Sebagai tambahan, sebagian besar aset dan kewajiban moneter kami dapat terkena dampak risiko mata uang asing. Aset moneter ini terutama terdiri dari kas, setara kas, dan piutang usaha dari operator asing, dan piutang usaha dalam mata uang asing. Kewajiban moneter kami yang dapat terkena dampak risiko mata uang asing terdiri dari hutang pengadaan, hutang jangka panjang dan hutang obligasi yang timbul akibat kewajiban yang berkaitan dengan pengeluaran barang modal. Tingkat aset moneter bersih kami sebagian besar dipengaruhi oleh jumlah panggilan masuk yang melebihi jumlah panggilan keluar dalam usaha SLI kami dan pendapatan dari mata uang asing kami. Dalam upaya mengelola risiko valuta asing kami dan menurunkan biaya pendanaan kami, kami menandatangani beberapa kontrak swap valuta asing. Kami tidak dapat memberikan kepastian bahwa kami dapat berhasil mengelola tingkat risiko valuta asing kami di kemudian hari ataupun bahwa kami tidak akan terus-menerus terkena dampak risiko valuta asing. Risiko kami terhadap fluktuasi nilai tukar valuta asing, terutama terhadap mata uang dolar AS, dapat meningkat jika Perusahaan mengadakan hutang tambahan dalam mata uang dolar AS untuk membiayai rencana pengeluaran barang modal kami.

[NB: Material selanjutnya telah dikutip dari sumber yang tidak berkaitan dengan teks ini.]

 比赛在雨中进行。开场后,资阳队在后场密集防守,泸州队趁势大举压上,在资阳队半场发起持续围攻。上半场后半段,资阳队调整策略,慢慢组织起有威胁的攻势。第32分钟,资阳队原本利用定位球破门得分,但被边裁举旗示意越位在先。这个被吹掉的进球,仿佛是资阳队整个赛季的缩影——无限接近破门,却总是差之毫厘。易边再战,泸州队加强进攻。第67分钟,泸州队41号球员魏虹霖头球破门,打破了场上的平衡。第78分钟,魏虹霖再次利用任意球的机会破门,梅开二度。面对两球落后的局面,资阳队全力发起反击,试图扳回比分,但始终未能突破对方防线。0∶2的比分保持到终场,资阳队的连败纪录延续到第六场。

Pada bulan Februari dan Maret 2009, kami mendapatkan persetujuan untuk mengubah beberapa ketentuan dalam

instrumen dan perjanjian hutang kami untuk memberikan tambahan fleksibilitas dalam kewajiban kami untuk mempertahankan ketentuan rasio hutang terhadap ekuitas, hutang terhadap EBITDA dan EBITDA terhadap beban bunga. Sementara kami percaya bahwa perubahan tersebut akan memberikan ruang yang cukup jika terjadi ketidakstabilan terhadap nilai tukar Rupiah terhadap Dolar AS , kami tidak dapat memastikan tidak terjadinya ketidakstabilan di masa mendatang dan tidak terjadinya ketidakstabilan yang lebih kuat dibandingkan yang dialami dalam 12 bulan terakhir, yang dapat mengakibatkan pelanggaran persyaratan keuangan kami. Lihat ”— Pokok Terhutang.”